Although, I found the Black Company by Glen Cook to be the most defining moment of Fantasy since Tolkien, and it generally came with a whisper. I've introduced lots of people to it, but never found one who had heard of them before then (On this side of the pond, at least)

It doesn't tackle anything in a fashion such as the book you're recommending, but what it does do is take the fantasy tropes of sorcerers, beautiful queens, and rebellions, and reduce them to an utterly wonderful shades of grey approach from the eyes of a Mercenary company, the titular Black Company, the Last Free Company of Khatovar (Which becomes a plot point for the later books, so I will say no more.)

It has some wonderful characters, who are anything but good people, yet whom you can't help but admire, empathise with and generally respect.
Title: Re: Scott Bakker, 'The Prince of Nothing': the Ubermensch Cometh
Post by: General Battuta on April 05, 2011, 03:43:31 pm
I have heard good things about the Black Company books. Have you read the Malazan Book of the Fallen? After meeting Steve Erikson I'd like to get into it.

Also, A Song of Ice and Fire?
Title: Re: Scott Bakker, 'The Prince of Nothing': the Ubermensch Cometh
Post by: IronBeer on April 05, 2011, 03:44:09 pm
/ears pricked up.

You have my attention, sir. May just need to pick this up in the near future.

Couple 'a quick questions:
Sounds as though this takes place on Earth- is that correct?
What time period are we looking at- somewhat into the future?
Title: Re: Scott Bakker, 'The Prince of Nothing': the Ubermensch Cometh
Post by: NGTM-1R on April 05, 2011, 03:48:58 pm
I don't think I've even seen a copy of this in the stores, which sort of surprises me.
Title: Re: Scott Bakker, 'The Prince of Nothing': the Ubermensch Cometh
Post by: General Battuta on April 05, 2011, 03:49:46 pm
No, it's definitely another planet, in the sense of secondary world fantasy. The constellations aren't even the same. I can't see it as distant future, I think it's pure fantasy. The setting is very medieval, though with the addition of the sorcerous Schools as a geopolitical influence, and the existence of Nonmen who are kind of like less friendly elves.

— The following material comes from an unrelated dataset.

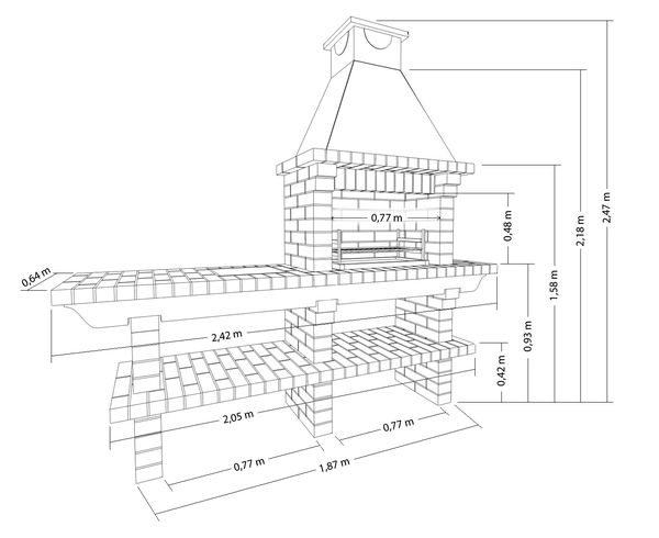 Le pied sur la fondation peut contenir des niches pour stocker le carburant et couper les aliments. Si vous prévoyez d'utiliser le gril quotidiennement, il vaut mieux privilégier les structures fixes avec supports pour chaudrons et éviers. Idéalement, la hauteur du socle, c'est-à-dire la distance du sol à la surface de la cuisine, correspond à la hauteur des propriétaires, et la largeur ne dépasse pas 40 cm. La longueur peut varier de 90 à 120 cm. La profondeur est de 13 cm.

The only science fiction element is the hint that the Inchoroi and their golden-horned ship came from another world. Oh, and the mythical weapon of the setting, the equivalent of the Sword of Isildur or whatever, is called the Heron Spear and sounds suspiciously like a terawatt laser.  :nervous:

The flashback passages to the First Apocalypse are incredibly haunting.
Spoiler:
I don't think anything in fiction has unnerved me quite as thoroughly as the No-God.

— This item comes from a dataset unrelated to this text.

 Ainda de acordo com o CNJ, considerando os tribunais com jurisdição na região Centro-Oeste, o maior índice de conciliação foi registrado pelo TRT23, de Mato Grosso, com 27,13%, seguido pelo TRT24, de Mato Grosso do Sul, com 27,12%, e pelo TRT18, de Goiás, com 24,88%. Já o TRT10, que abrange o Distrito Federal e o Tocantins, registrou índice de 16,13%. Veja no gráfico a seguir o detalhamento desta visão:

I don't think I've even seen a copy of this in the stores, which sort of surprises me.

That is weird, it sells pretty good - not GRRM good but pretty well.
Title: Re: Scott Bakker, 'The Prince of Nothing': the Ubermensch Cometh
Post by: achtung on April 05, 2011, 03:56:07 pm
Not in library. :(
Title: Re: Scott Bakker, 'The Prince of Nothing': the Ubermensch Cometh
Post by: Ravenholme on April 05, 2011, 03:58:54 pm
I have heard good things about the Black Company books. Have you read the Malazan Book of the Fallen? After meeting Steve Erikson I'd like to get into it.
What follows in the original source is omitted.